Nonrandomized, controlled study.


Laboratory at a university medical center.


Yorkshire swine, weighing 15 to 20 kg.


Anesthetized, ventilated swine had a balloon inserted into the peritoneal cavity and catheters placed for measurement of intracranial pressure, pleural pressure, central venous pressure, pulmonary artery occlusion pressure, and mean arterial pressure. Following baseline measurements, intra-abdominal pressure was increased by incrementally inflating the intraperitoneal balloon. All parameters were remeasured 30 mins after each increase in intra-abdominal pressure. Two groups were studied: a) group 1 (n = 9) animals had intra-abdominal pressure increased to 25 mm Hg above baseline, then released; b) group 2 (n = 3) animals underwent sternotomy and pleuropericardotomy to prevent an increase in pleural pressure with increasing intra-abdominal pressure.

Measurements and Main Results

Increase of intra-abdominal pressure to 25 mm Hg above baseline caused significant (p < .05) increases in intracranial pressure (7.3 +/- 0.6 [SEM] to 16.4 +/- 1.9 mm Hg), pleural pressure (4.3 +/- 1.3 to 11.8 +/- 1.9 mm Hg), pulmonary artery occlusion pressure (9.0 +/- 0.6 to 14.3 +/- 0.8 mm Hg), and central venous pressure (6.6 +/- 0.7 to 10.7 +/- 0.9 mm Hg. The cardiac index (3.4 +/- 0.3 to 1.6 +/- 0.1 L/min/m2) and cerebral perfusion pressure (75.6 +/- 3.6 to 62.0 +/- 6.8 mm Hg) decreased significantly (p < .05), whereas mean arterial pressure (82.8 +/- 3.2 to 78.4 +/- 6.6 mm Hg) remained essentially constant. Sternotomy and pleuropericardotomy negated all effects of increased intra-abdominal pressure except the decreased cardiac index (1.6 +/- 0.1 to 2.5 +/- 0.2 L/min/m2).

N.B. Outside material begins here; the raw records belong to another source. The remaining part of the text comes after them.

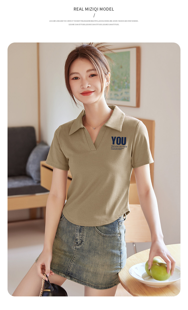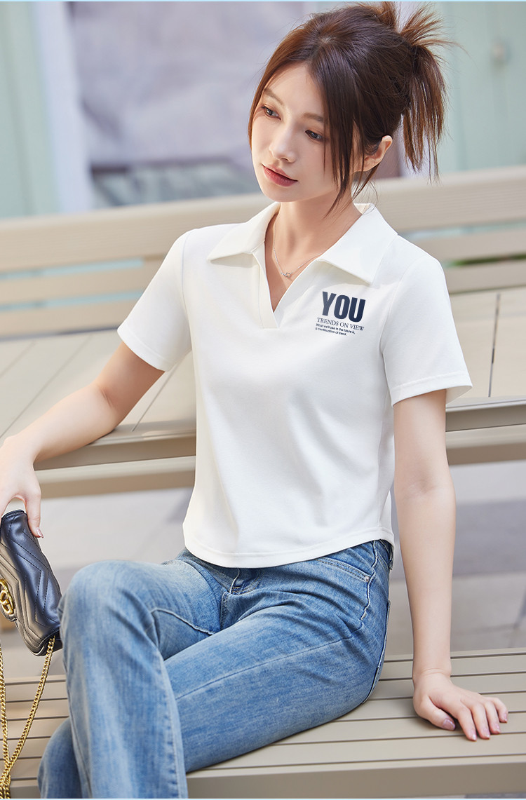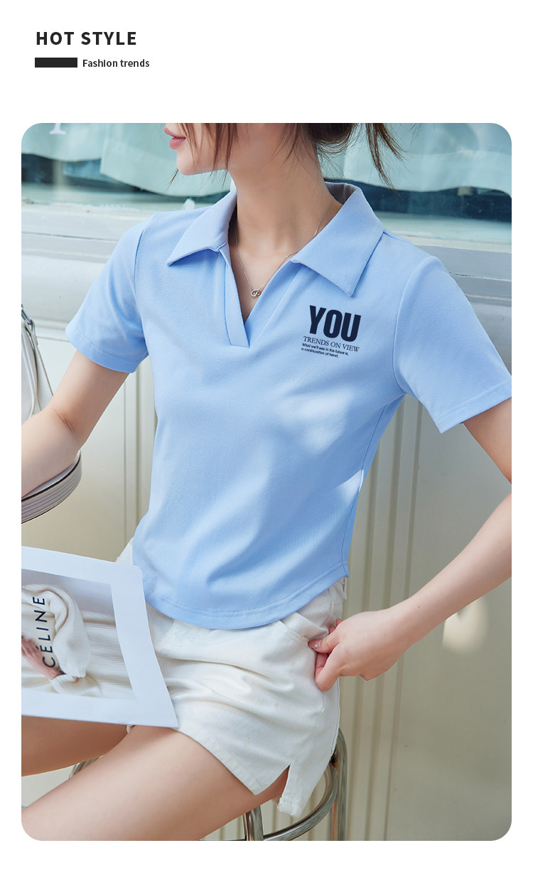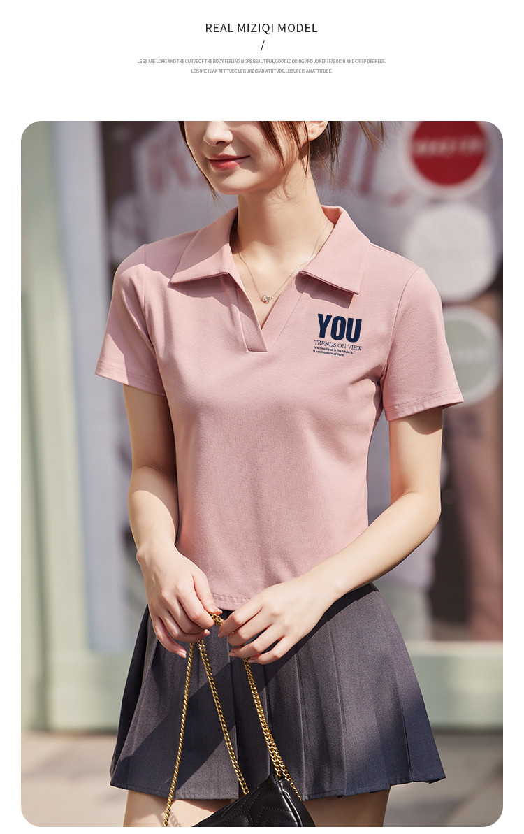 商品名称:米子旗夏季款polo领印花T恤女短款修身短袖上衣 681050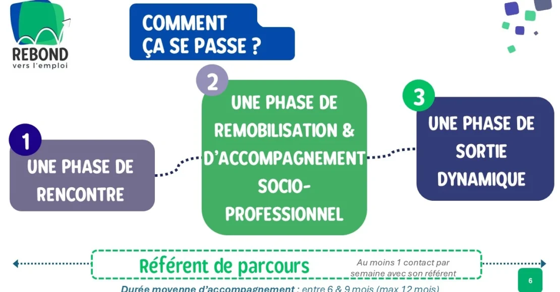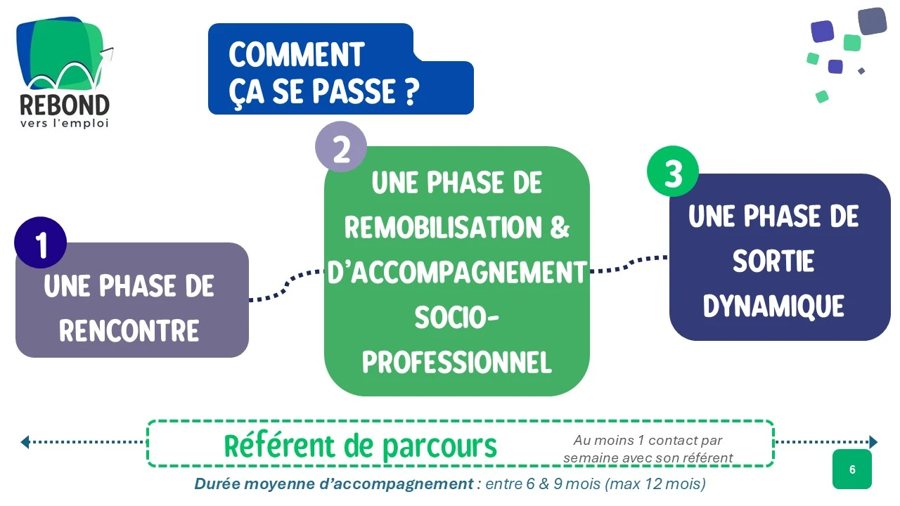 Rebond vers l’emploi est un dispositif de remobilisation et d’accompagnement social & professionnel, avec pour objectif l’accès à la formation, à l’emploi ou aux dispositifs de droit commun (France Travail, Mission Locale, Education Nationale, …).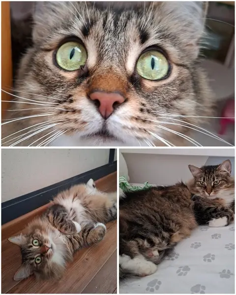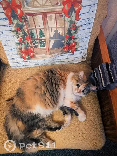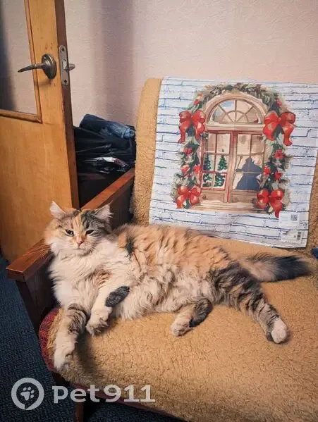 Кошка убегала от кота с соседнего дома и забежала за соседями в подъезд. Ласковая, людей не боится, возможно гуляет, чистая и пушистая с испуганным взглядом. Окрас трехцветный (рыжий, черный, белый)
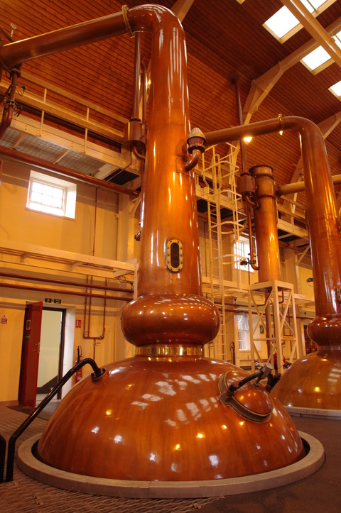 (グレンモーレンジ蒸留所のトレードマークとも言える、細く背の高いポットスチル。現行品の10年を飲むと、爽やかでライトな香味がこのスチルの形状とぴったりマッチする。Photo by T.Ishihara)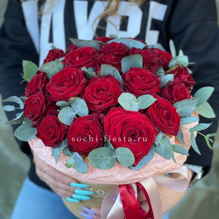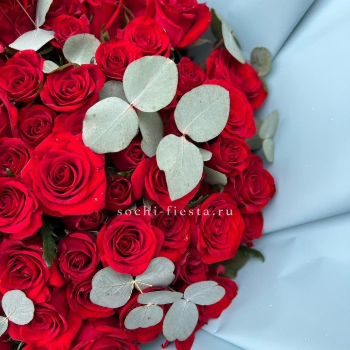 25 красных роз с эвкалиптом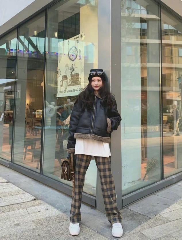 她在里边选择白色T恤,下身搭配修长格子长裤配上白色运动鞋,是非常清纯阳光的学生妹穿搭展示,这时可以在上身选择比较清爽的复古针织马甲,又或者像她这样搭配一件深色短款皮外套。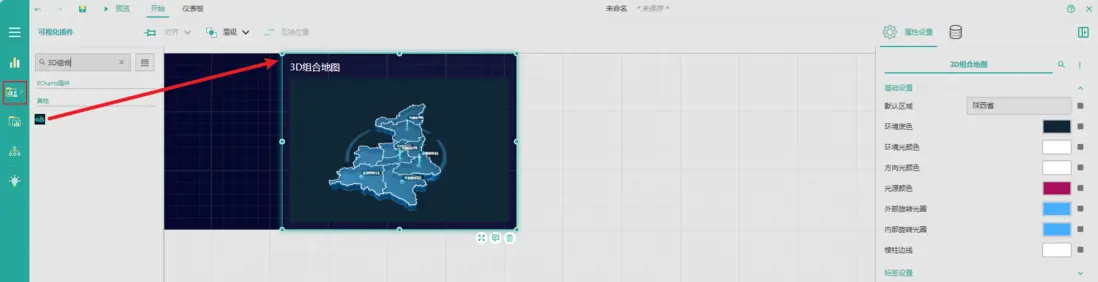 在儀表板設計器中添加我們剛剛上傳的3D組合地圖插件,如下: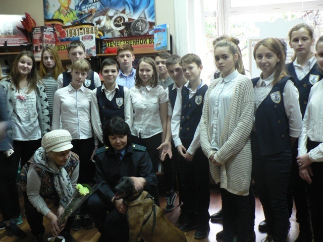 22 января в детской библиотеки им А.П.Гайдара состоялось открытие месячника военно-патриотической работы под девизом: «Овеяна славой родная Кубань». По традиции месячник военно-патриотической работы открывают ветераны Великой Отечественной войны. И вот, на этот раз, гостем библиотеки была представитель Совета ветеранов М. К. Войтенко, чье детство прошло на оккупированной Украине. В своём взволнованном рассказе она призвала ребят всегда помнить и чтить подвиги защитников нашей Родины. Также в гости к ребятам пришла и представитель наших доблестных пограничных войск А.В.Колесник со служебной собакой по кличке Штефа. Анна Витальевна рассказала о том , как сейчас проходит воинская служба на рубежах России, а «лучший друг человека» показала выполнение обученных команд. Из рассказа библиотекаря дети узнали о подвигах героев-кубанцев, отдавших свои жизни за Родину, о героях Туапсинской оборонительной операции (1942 г.) и героях, именами которых названы улицы города воинской славы Ту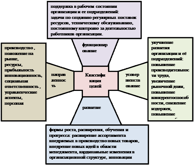 Классификация целей организации обеспечивает руководство действенным инструментом стратегического и оперативно-тактического управления. Цели классифицируются · по направленности, · по функционированию, · по усовершенствованию, · по развитию (Рис.2.20).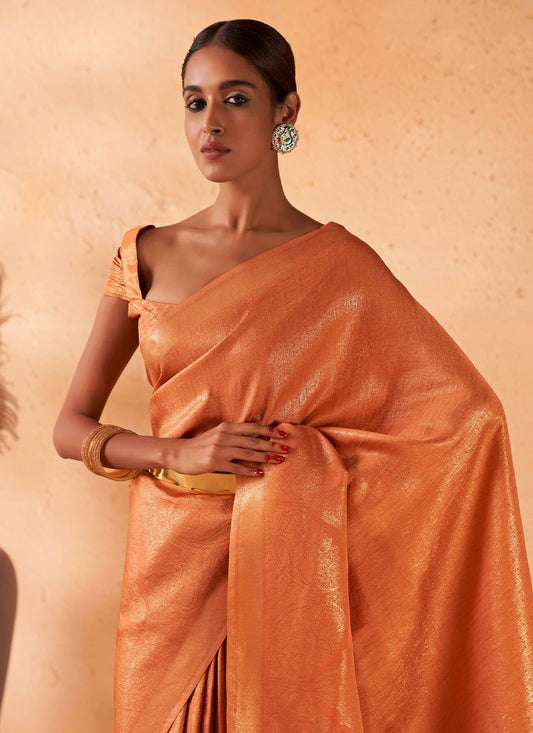 Trendy Saree Kanjivaram Silk Peach Weaving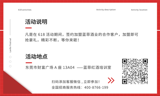 “618”購物狂歡節(jié)是與‘雙11’遙相呼應的一個全民網購狂歡節(jié),現已逐漸成為線上線下綜合的全民購物狂歡節(jié)。為迎接618狂歡慶典的到來,藍菲特舉辦“藍菲618,我要發(fā)”系列活動,惠饋我們新簽約合作的加盟商/代理商們,與我們共建紅酒事業(yè)。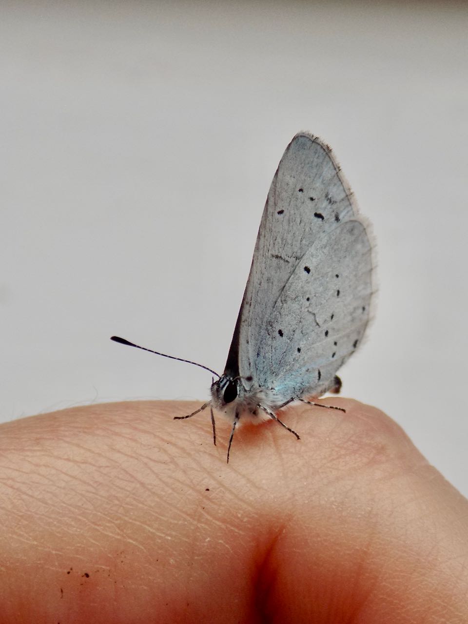 I’ve got a little surprise Butterfly Tale to share with you…I’ve somehow managed to raise a Holly Blue butterfly without even knowing he was there! Basically I’ve got various caterpillar food plants all potted up in my butterfly house in the off-chance that I ever find the caterpillars that eat them. Including an ivy plant which is one of the main food plants of the rather pretty Holly Blue.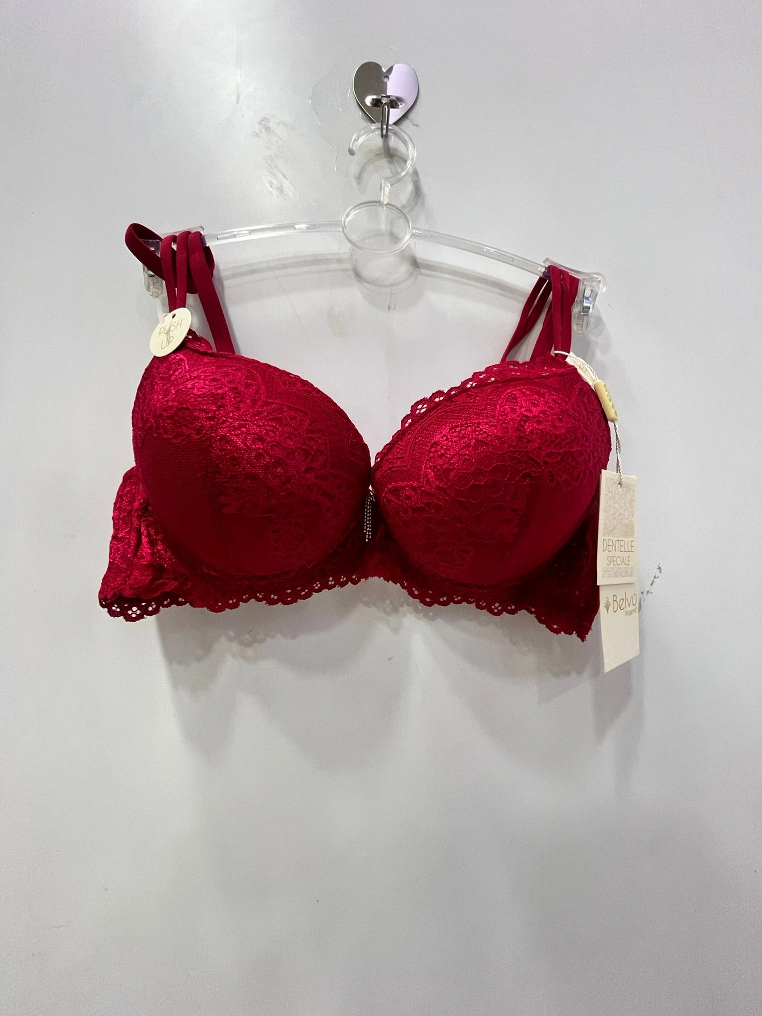 Yüksek kaliteli, narin floral dantel işlemeleriyle donatılan bu model, esnek ve nefes alabilen dokusu sayesinde gün boyu konforlu bir kullanım sunar. Ruj kırmızısının enerjisini taşıyan bu özel tasarım, özellikle ceket içlerinde veya transparan bluzların altında sergilenebilecek bir büstiyer estetiğine sahiptir. Ayarlanabilir askıları ve vücudu kavrayan yan bantları, omuzlarda baskı oluşturmadan vücut hatlarınıza tam uyum sağlar. Belvü kalitesiyle üretilen bu dolgulu sütyen, hem rengiyle hem de dik tutan fonksiyonel yapısıyla gardırobunuzun en iddialı ve şık parçası olacak.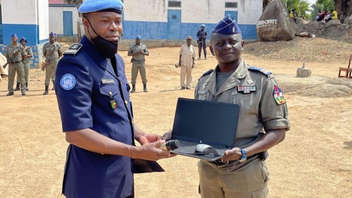 S’exprimant au cours de la cérémonie de remise, le Commandant secteur Ouest de la police des Nations Unies, Dossou Pacôme ANATO, a rappelé que « ce projet d’équipement des Forces de sécurité intérieure (FSI) en matériel informatique, fournitures de bureau et groupes électrogènes vise à appuyer les FSI pour être totalement autonomes dans le cadre de l’exécution de leurs missions régaliennes », avant d’exhorter la population de Bouar et de ses environs à « collaborer avec les en participant activement à la Police de proximité pour une paix durable, gage de développement durable. »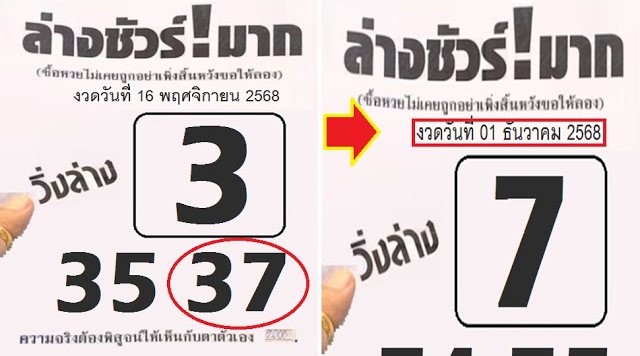 หวยเด็ด หวยซองล่างชัว ร์!มาก งวดวันที่ 01/12/68

Acutely increased intra-abdominal pressure causes a significant increase in intracranial pressure and a decrease in cerebral perfusion pressure. Increased intra-abdominal pressure appears to produce this effect by augmenting pleural and other intrathoracic pressures and causing a functional obstruction to cerebral venous outflow via the jugular venous system. It is possible that the same phenomenon may be why persons with chronically increased intra-abdominal pressure, such as the morbidly obese, suffer from a high frequency rate of idiopathic intracranial hypertension. (Crit Care Med 1997; 25:496-503)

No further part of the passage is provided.